[[ Extracted entries open ]]

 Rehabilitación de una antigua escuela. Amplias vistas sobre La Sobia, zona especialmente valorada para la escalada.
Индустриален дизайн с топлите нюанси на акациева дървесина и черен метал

[[ Extracted entries closed ]]
[[ Extracted entries open ]]

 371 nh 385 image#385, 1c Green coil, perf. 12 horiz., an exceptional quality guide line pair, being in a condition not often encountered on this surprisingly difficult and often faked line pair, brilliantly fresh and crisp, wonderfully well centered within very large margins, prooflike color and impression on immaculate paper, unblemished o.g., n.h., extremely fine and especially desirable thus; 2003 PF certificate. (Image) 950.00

[[ Extracted entries closed ]]

▶ Exercise:
Taking the entries above, write out exactly the lines starting with the line containing "Rehabilitación de una" and going on through the line containing "Индустриален дизайн с", both included, and nothing else.

▶ Reply:
 Rehabilitación de una antigua escuela. Amplias vistas sobre La Sobia, zona especialmente valorada para la escalada.
Индустриален дизайн с топлите нюанси на акациева дървесина и черен метал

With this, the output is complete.